The problems arise on matters of scale. As the investors get richer, they maybe gain too much power over the potters--they may start dictating wages, designs, poor materials, forcing these skilled people to make cheap junk that easily breaks or isn't beautiful and unique; or maybe the pottery has a down period, sales fall off and the investors take advantage of this to renegotiate the investment greatly to the disadvantage of the potters; or maybe the potters get successful and collude with the investors to buy up every pottery in town, put the others out of business, and start jacking up the price of pots to unfair levels because they have a monopoly. They hire "security" who break any "foreign" pots they see for sale and bully little street potters who make a few hand-thrown pots and sell them on their front stoop to feed their starving children. The potters in the next big city are angered that their pots can't be sold in city no. 1 any more, so they and their investors go to the local baron or king and demand justice, and that personage sends an army to city no. 1, etc.

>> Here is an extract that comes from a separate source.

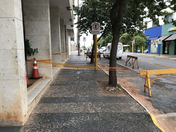 Em nota, a Prefeitura esclarece que optou pela interdição da calçada do Paço Municipal com o objetivo de resguardar a segurança dos munícipes, uma vez que existem lajotas da fachada que estão se desprendendo.
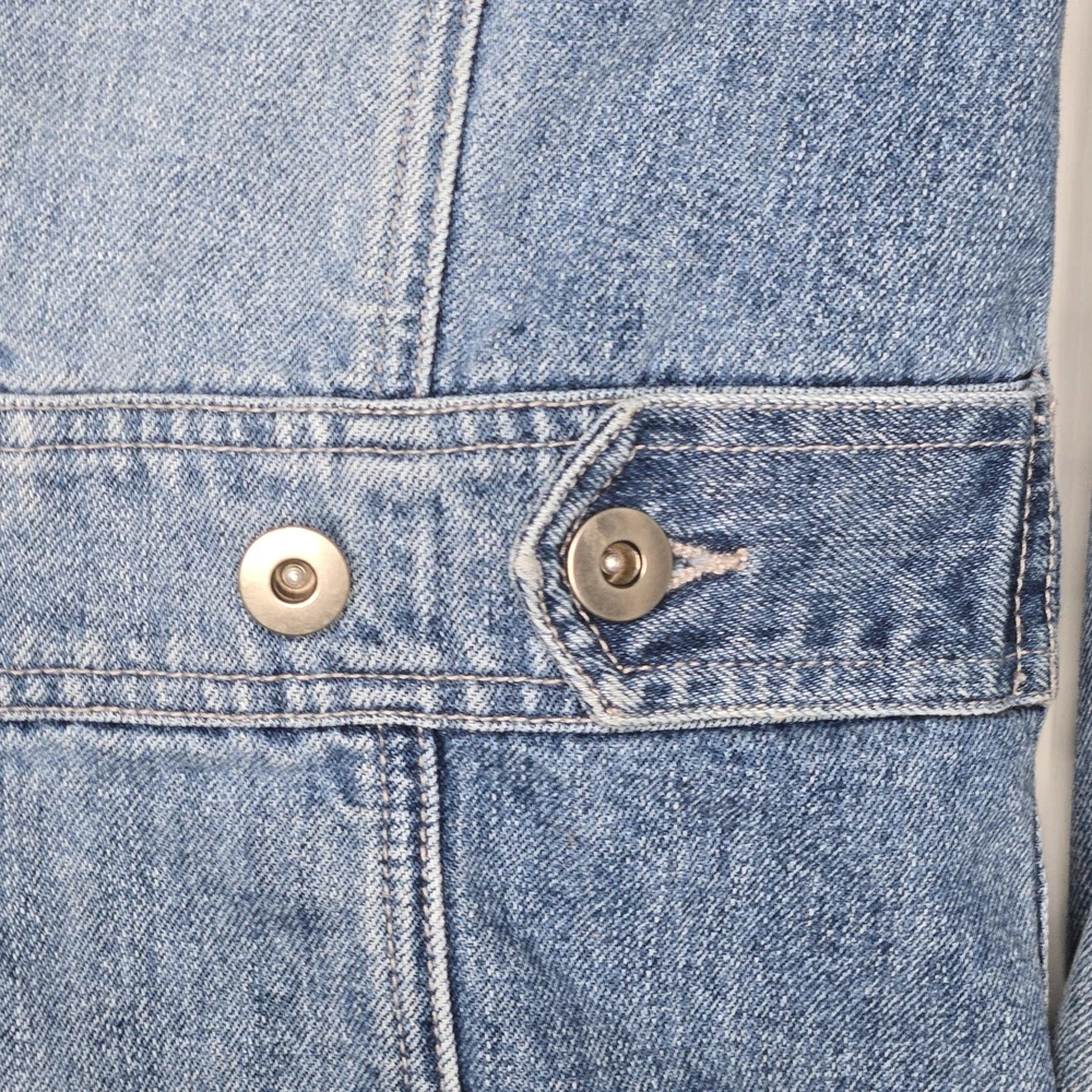 Elevate your wardrobe with this vintage style denim blazer from MOSSISSUE by MOSSIMO. This blazer features a classic, retro-inspired look that is perfect for any occasion, whether it's a casual day out or a business meeting. The blazer is made from high-quality cotton denim and features a button closure, notch flat lapels, and patch flap pockets. The blazer is a size small and has a regular fit, making it perfect for most body types. It is machine washable and can be worn in any season. With its timeless style and solid pattern, this blazer is a must-have addition to any fashion-forward woman's wardrobe. It has silver hardware and a fitted silhouette. This blazer is a one of a kind must have! It's measurements are 17" front chest and 24" length. It is made of 100% cotton.

Or, to take a simpler example: A tribe of fishermen pool their skills, materials and tools to build a canoe for everyone's use. Everybody is suppose to get use of this canoe to fish in the ocean; the canoe is just big enough for one fisherman and one or two sons or daughters who are in training. The fish are the return on their investment. But, say, one fisherman feels that he contributed more skill and time to building the canoe than anyone else, and every time the others go to use the canoe, they find it gone. The fisherman who feels that he "owns" more of it than them is always using it, and bringing back big catches which he requires them to pay for, with other goods or labor. Clearly, it's time for a tribal council--the way such disputes are handled by indigenous tribes, in relatively small-scale communities. But we can see that the "capitalist" problem here is that this one fisherman's behavior could result in the starvation of his tribesmen if they do not agree to his terms. He has control of the canoe and he can go elsewhere to find markets for his big fish catches.
Government control--of, by, for the people--and socialist principles--are needed to temper human enterprise, so that it produces the essential needs of the tribe, city or nation, produces a pleasing variety of high quality goods at reasonable prices, and to help insure fairness, enforcement of agreements and contracts, and so on. While capitalism is just a system for people to pool their resources to accomplishment something--generally infrastructure that will yield profit--socialism is sharing (workers sharing the work and the profits and jointly owning the enterprise; or workers and owners sharing responsibilities and benefits equitably; everyone paying taxes for the common good; everyone focused on the greater good). Socialism has more of the values of the family than does capitalism. Capitalism can be useful or ruthless, depending on how it is tempered by these other forces. Socialism can be tyrannical if based on the all-powerful-father (i.e., Stalinism--brutal enforcement of the "common good" which doesn't produce good because it is based on the individual ego of the tyrant)), but if based on a more equitable family model, is a civilizing force with values of altruism, self-sacrifice and generosity. In a well-ordered family, everyone works for the common good of the family, and the young, the weak, the elderly are all taken care of, even if they are not "productive" because, well, they love each other. That's what socialism comes down to: do you "love your brother" or not? do you see your fellow and sister citizens as kin? is it "dog eat dog" or "we're all in this together"?
The capitalist potters might instigate a war, to get control of the entire market. The capitalist fisherman might abandon tribal values for profit. Enter government.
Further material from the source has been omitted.